While we often associate the word “organic” with our produce and dairy options at the supermarket, this label has become increasingly attached to an intimate product used by millions of Americans each month: tampons. Although they’ve been around since the ‘80s, organic tampons have recently risen in popularity, and several brands frequently advertised on social media can be delivered to your door. Some women claim that these tampons have reduced their menstrual cramps or irritation, but has science found actual health benefits to switching to these more expensive products marketed as more “natural”?

Regular tampons are made from cotton and rayon (a substance derived from wood pulp), but they may also contain plastic components in the string or applicator and chemicals used for fragrance. On the other hand, organic tampons are one-hundred percent cotton and free from dyes, plastics, bleach, fragrances, and pesticide-treated cotton. Even though larger tampon companies aren’t as transparent about their complete ingredient list, the FDA considers all tampons a Class II Medical Device, and the industry is highly regulated. 

Dioxin, an environmental pollutant that has been linked to cancer and hormone disruption, was once found in trace amounts in conventional tampons when the wood pulp used to make rayon was bleached using chlorine gas. This chemical is still a source of concern for many women, but the FDA has stated that tampons are no longer bleached using elemental chlorine, so dioxin levels are negligible in every type of tampon. In fact, 90% of human exposure to dioxins is actually through food. One study showed dioxin concentration in tampons was “13,000-240,000 times less than dietary exposures.”

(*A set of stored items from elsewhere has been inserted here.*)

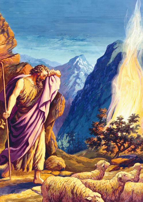Однажды Моисей пас овец в пустыне и поднялся на какую-то гору, она вся была покрыта кустарниками. Вдруг ему показалось, что горит целый куст. Но чудо! При этом не сгорела ни одна веточка, не потемнел ни один листик.
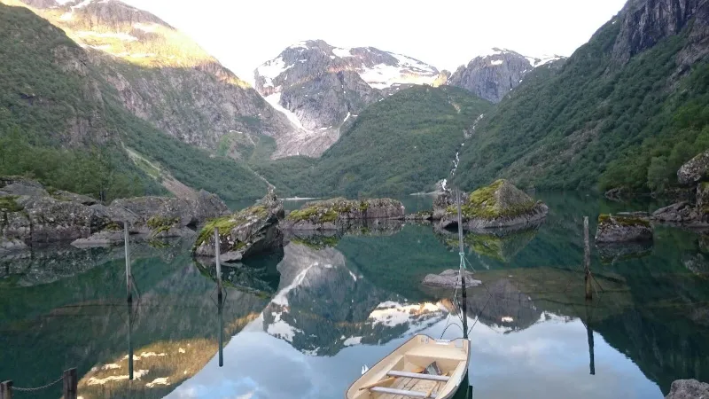 Glaciären Folgefonna rinner ned mot Bondhusvatnet
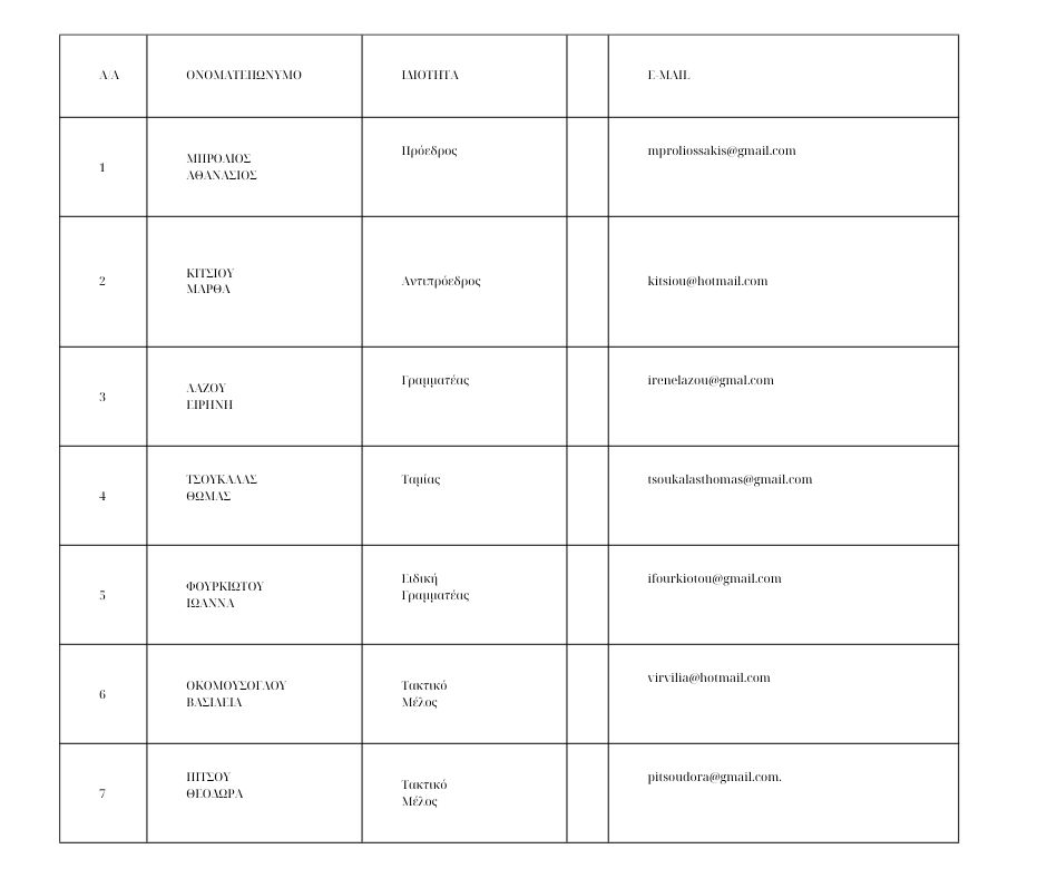 Σήμερα Πέμπτη 24 Οκτωβρίου 2024 και ώρα 8μ.μ έως 9μ.μ., στην Καλαμαριά, συνεδρίασε το Δ.Σ του Συλλόγου Γονέων του 7ου Γυμνασίου με παρόντες τους:
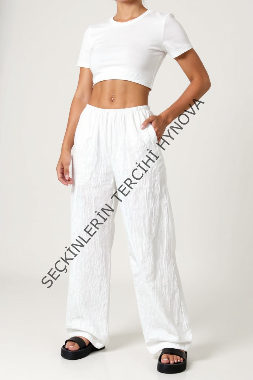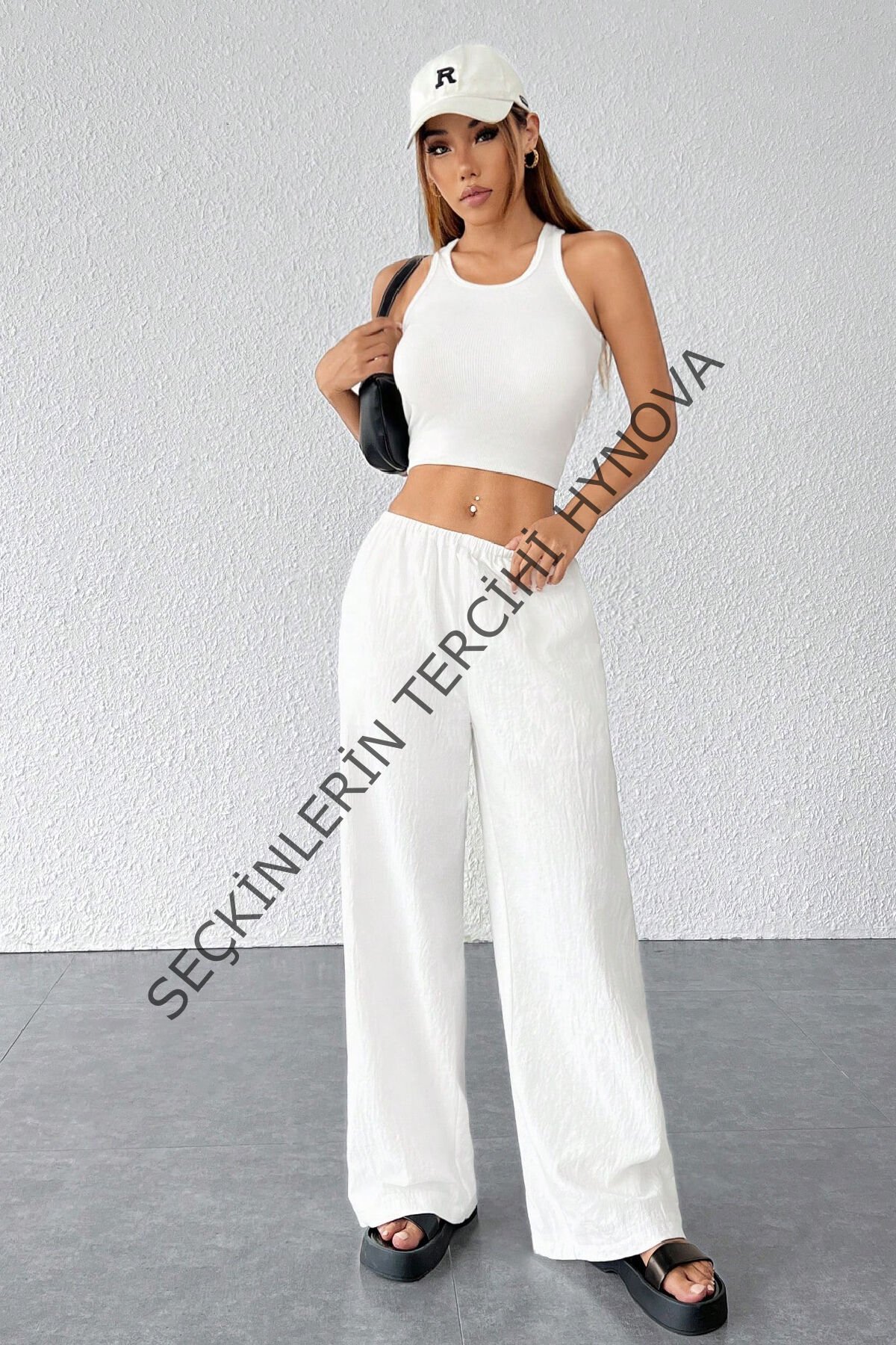 - Günlük gezilerde, tatilde ya da ofis şıklığında kolayca kombinlenebilen bu kadın pantolon, beyaz rengiyle her tarza uyum sağlar.
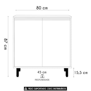 O Balcão conta com duas portas com dobradiças metálicas reforçadas, que garantem uma abertura suave, enquanto os puxadores em polímero adicionam um toque elegante, fácil de harmonizar com diferentes estilos de decoração.
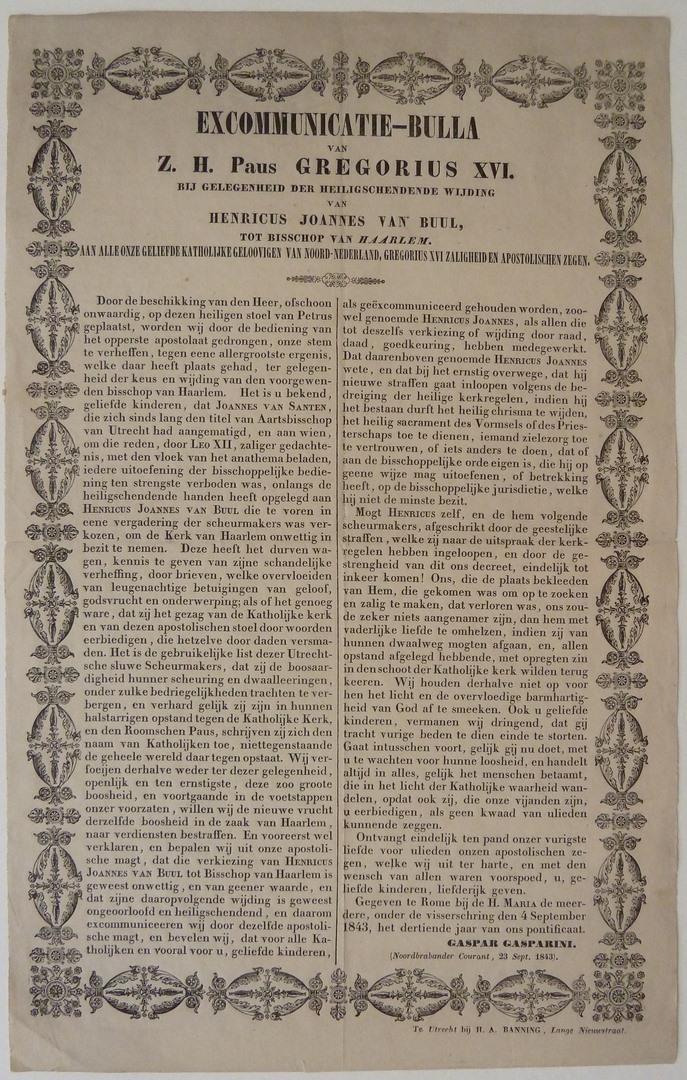 Excommunicatie-bulla van Z.H. paus Gregorius XVI ......
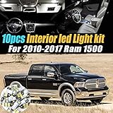 10Pc Super White 6000K Interior LED Light Bulb Kit Pack Compatible with 2010-2017 Dodge Ram 1500
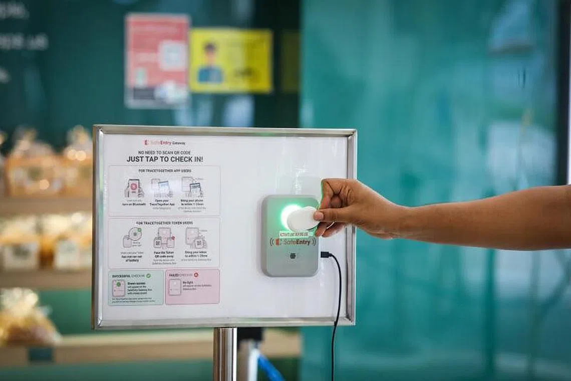 Orang ramai kini boleh menggunakan token TraceTogether atau telefon dengan aplikasi TraceTogether pada alat-alat ini bagi mendaftarkan butiran peribadi mereka dalam setiap kunjungan untuk tujuan jejak kontak.
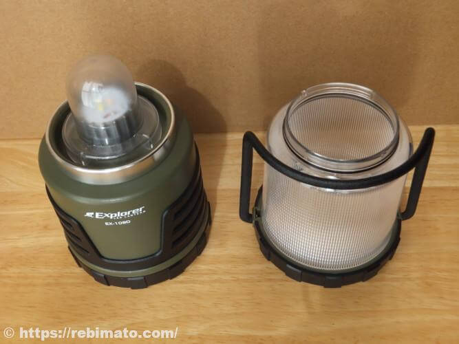 カバー内部カバー内部には凹凸のついた反射板が内蔵されています。ランタン下向きに光が拡散されるのではなく、若干上方向に光が拡散される特徴があります。

Research also found that non-organic cotton in regular tampons may contain trace amounts of the pesticide glyphosate, an herbicide used to kill weeds and rumored to be carcinogenic. The EPA, however, says it’s “not likely” to be carcinogenic, and the main risk of glyphosate exposure is through food or drinking water. 

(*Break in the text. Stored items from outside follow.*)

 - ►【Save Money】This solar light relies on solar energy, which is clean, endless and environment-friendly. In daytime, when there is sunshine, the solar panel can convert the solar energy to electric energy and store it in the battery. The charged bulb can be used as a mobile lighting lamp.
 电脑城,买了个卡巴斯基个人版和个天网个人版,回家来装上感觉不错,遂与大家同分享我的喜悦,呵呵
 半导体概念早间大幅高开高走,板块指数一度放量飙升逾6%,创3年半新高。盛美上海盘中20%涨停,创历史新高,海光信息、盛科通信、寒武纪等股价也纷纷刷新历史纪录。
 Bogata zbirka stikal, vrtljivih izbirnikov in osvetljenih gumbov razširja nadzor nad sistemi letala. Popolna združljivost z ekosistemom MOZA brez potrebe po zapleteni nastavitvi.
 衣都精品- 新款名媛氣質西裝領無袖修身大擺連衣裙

Toxic Shock Syndrome (TSS) is a rare but potentially fatal condition caused by a toxin produced by an overgrowth of bacteria. Cases of TSS spiked in 1980, which led super high-absorbency tampons to be pulled from the market. Many still have the misconception that regular tampons put women at a higher risk of contracting TSS than organic tampons, but a study comparing toxin growth in 11 types of tampons actually found higher levels of the dangerous toxin in cotton-only tampons versus regular tampons that included rayon and/or viscose as ingredients. Researchers hypothesized this is because cotton-only tampons are less structured with more air between fibers, which can help the bacteria to grow. Whether you opt for organic tampons or not, TSS is extremely rare and mostly depends on the absorbability and the length of use of a single tampon. 

Overall, there is not much scientific evidence to suggest that non-organic tampons are harmful to women’s health or that organic tampons are less harmful. Organic tampon manufacturers have put out warnings claiming that the ingredients used in conventional tampons can cause health problems, including period cramps, birth defects, infertility, and even cancer, but many doctors say there is simply not enough scientific evidence at this time to substantiate those claims or connect any health condition to any one ingredient in tampons. Many people make the switch to organic tampons based on the environmental benefits, but there are actually alternative products, such as menstrual cups or reusable menstrual underwear, that are more eco-friendly. No matter which feminine hygiene product is the new fad, it all comes down to personal preference and having the agency to decide what’s right for your own body.